Please give back, exactly as written, the lines from the line with "在学校展位与香港亚洲宝石学院及鉴定所有限公司院长莫伟基博士(中)一行合影" to the line with "Bright red colours high waisted fitted pant." in the listing below, leaving out all pictures.

* [DATA RECORDS]:
>>>>>

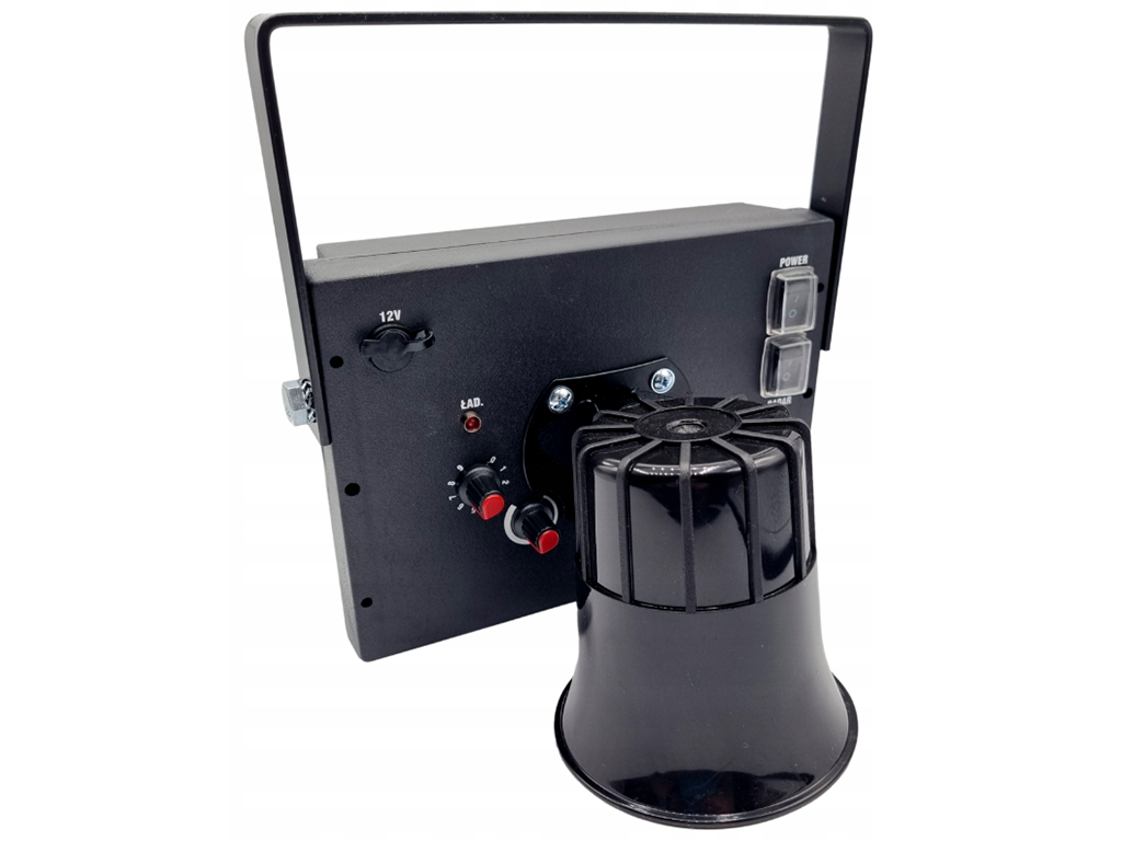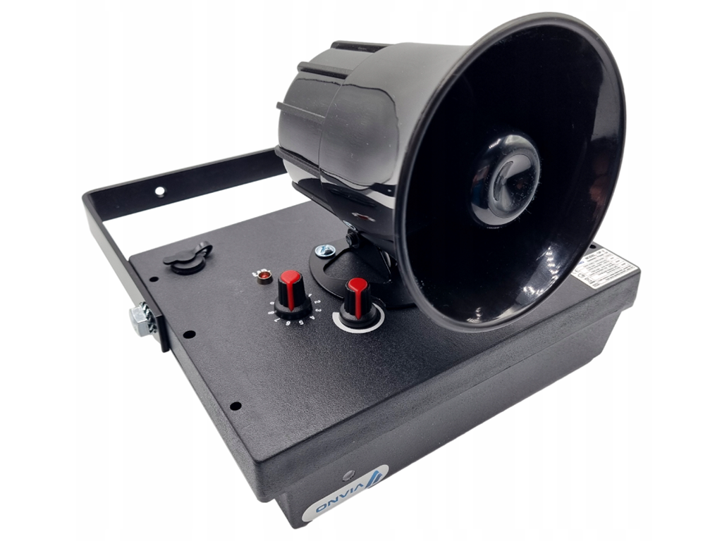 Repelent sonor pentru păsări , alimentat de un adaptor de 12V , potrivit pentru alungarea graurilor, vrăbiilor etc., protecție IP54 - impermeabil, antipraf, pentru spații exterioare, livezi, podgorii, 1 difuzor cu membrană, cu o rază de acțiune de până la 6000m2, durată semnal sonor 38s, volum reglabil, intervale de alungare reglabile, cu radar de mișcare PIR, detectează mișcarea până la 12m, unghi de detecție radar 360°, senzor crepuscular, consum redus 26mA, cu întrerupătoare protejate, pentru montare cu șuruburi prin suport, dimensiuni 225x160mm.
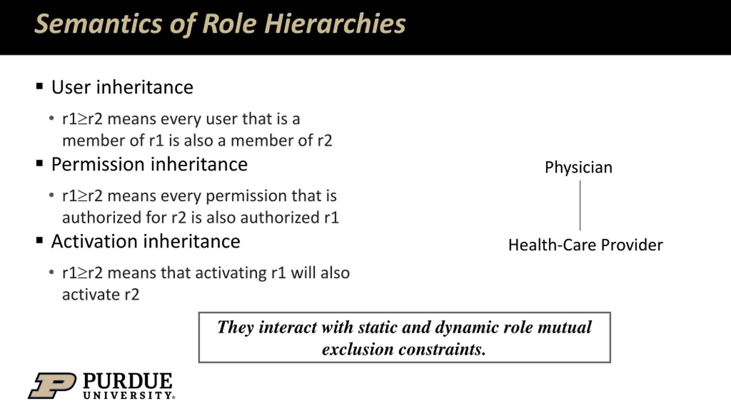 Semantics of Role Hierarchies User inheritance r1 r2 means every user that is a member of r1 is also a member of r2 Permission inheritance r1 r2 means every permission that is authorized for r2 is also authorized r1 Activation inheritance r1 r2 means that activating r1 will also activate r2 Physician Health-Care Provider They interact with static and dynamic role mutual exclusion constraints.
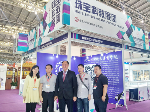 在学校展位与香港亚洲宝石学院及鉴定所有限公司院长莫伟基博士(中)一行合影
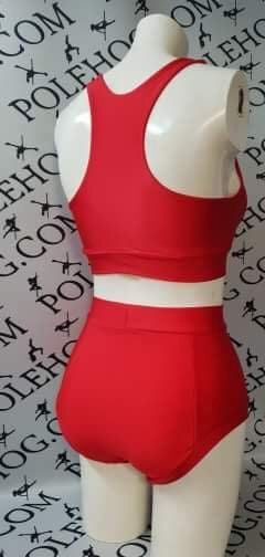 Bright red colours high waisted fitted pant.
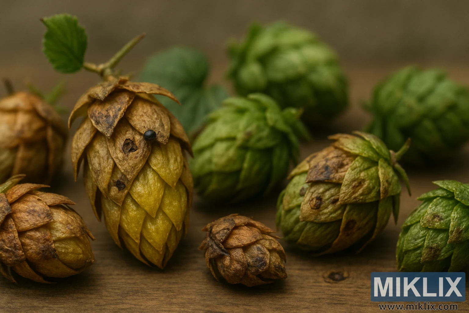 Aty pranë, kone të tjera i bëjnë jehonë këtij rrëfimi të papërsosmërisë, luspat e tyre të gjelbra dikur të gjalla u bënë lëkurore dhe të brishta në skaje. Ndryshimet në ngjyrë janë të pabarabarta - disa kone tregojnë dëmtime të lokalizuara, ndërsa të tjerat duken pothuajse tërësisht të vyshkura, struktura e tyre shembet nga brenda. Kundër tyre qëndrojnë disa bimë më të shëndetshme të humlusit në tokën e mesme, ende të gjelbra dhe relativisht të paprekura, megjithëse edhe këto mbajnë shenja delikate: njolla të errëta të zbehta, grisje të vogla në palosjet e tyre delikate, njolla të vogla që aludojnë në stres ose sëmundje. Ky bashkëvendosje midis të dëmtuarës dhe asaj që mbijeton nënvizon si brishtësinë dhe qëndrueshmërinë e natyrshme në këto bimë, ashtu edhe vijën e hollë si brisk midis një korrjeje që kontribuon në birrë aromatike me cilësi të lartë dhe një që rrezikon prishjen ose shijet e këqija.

<<<<<
>>>>>

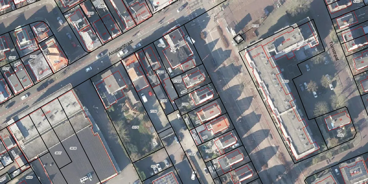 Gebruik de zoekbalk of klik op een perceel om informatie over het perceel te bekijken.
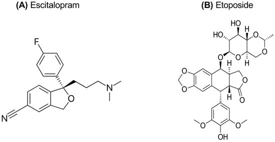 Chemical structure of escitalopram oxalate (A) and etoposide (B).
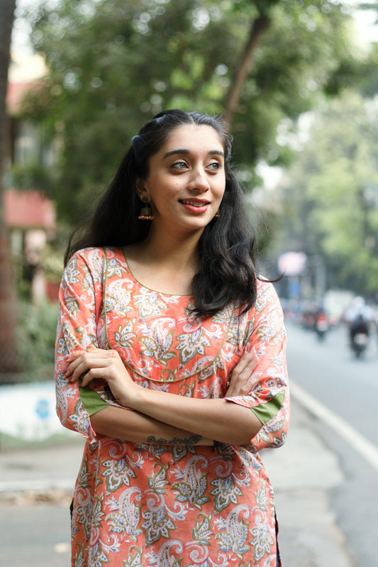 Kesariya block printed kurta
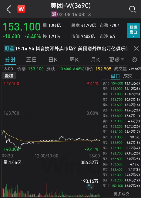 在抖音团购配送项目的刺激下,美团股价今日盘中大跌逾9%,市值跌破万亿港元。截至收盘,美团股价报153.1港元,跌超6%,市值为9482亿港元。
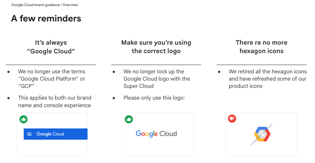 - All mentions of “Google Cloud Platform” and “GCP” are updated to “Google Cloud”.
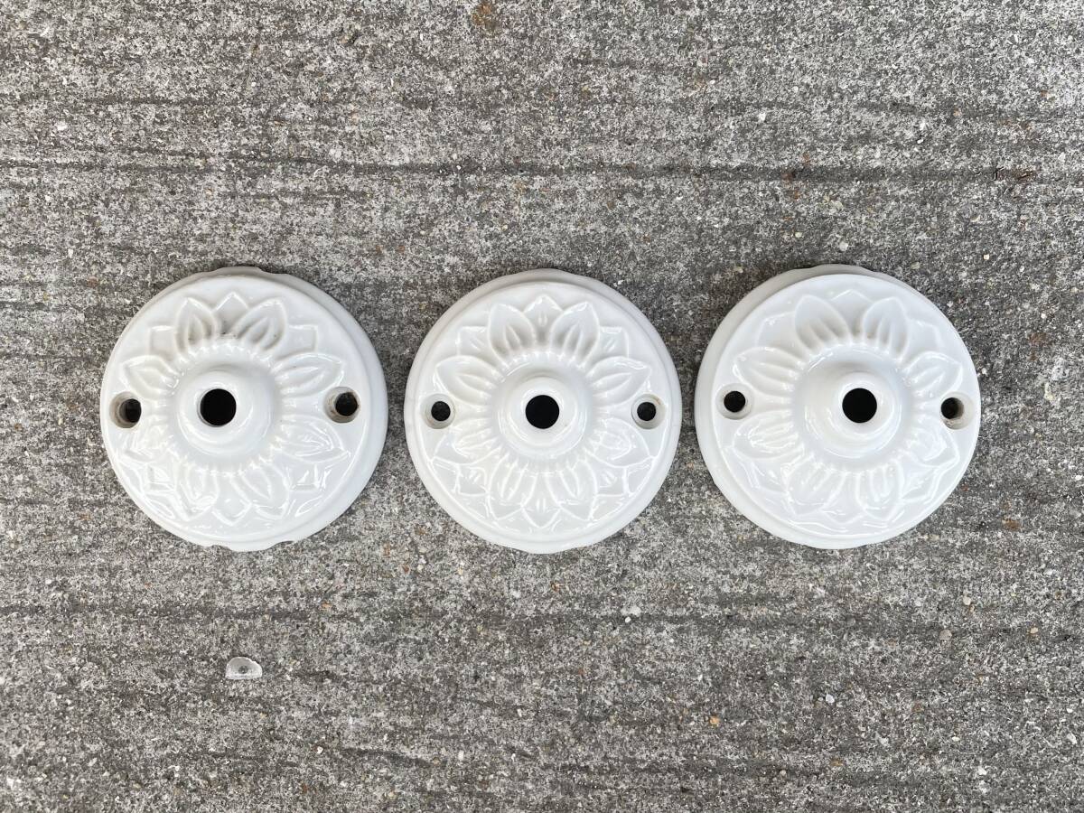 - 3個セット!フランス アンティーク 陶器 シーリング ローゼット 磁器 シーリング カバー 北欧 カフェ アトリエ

<<<<<
>>>>>

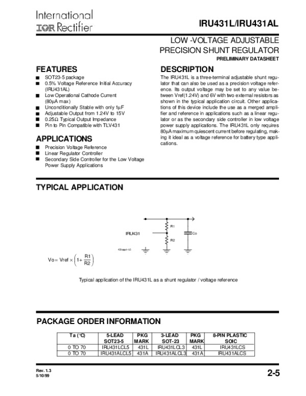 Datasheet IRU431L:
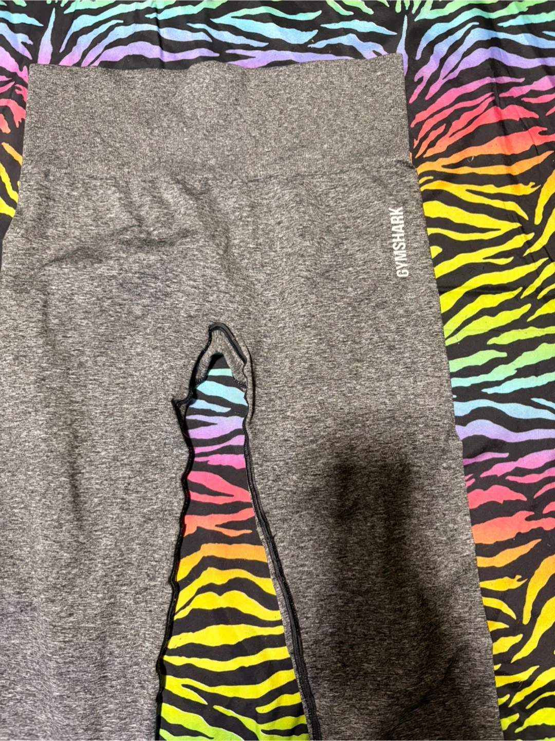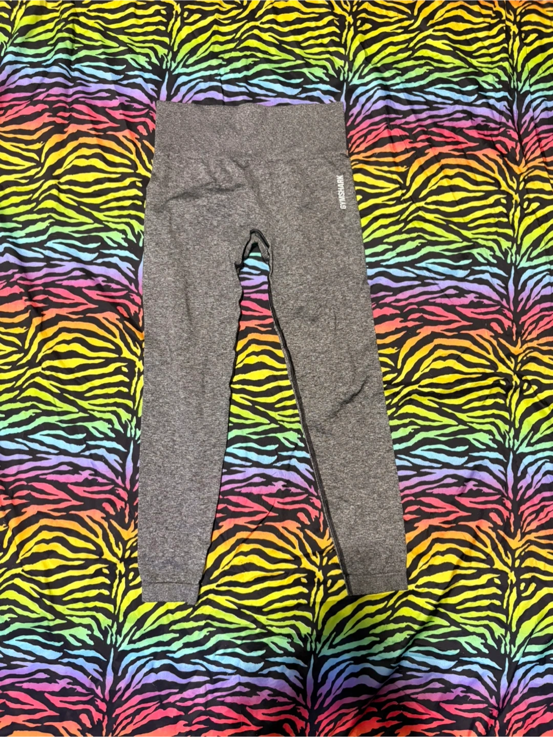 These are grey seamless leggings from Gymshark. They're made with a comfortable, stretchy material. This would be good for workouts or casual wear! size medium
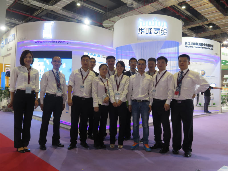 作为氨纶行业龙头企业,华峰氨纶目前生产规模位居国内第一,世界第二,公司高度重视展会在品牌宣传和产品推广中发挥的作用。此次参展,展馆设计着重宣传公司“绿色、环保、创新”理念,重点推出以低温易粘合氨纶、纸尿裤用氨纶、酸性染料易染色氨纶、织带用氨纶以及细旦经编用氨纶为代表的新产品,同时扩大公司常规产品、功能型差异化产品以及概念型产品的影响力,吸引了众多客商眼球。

<<<<<

* [ANSWER TO THIS PROBLEM]:
 在学校展位与香港亚洲宝石学院及鉴定所有限公司院长莫伟基博士(中)一行合影
 Bright red colours high waisted fitted pant.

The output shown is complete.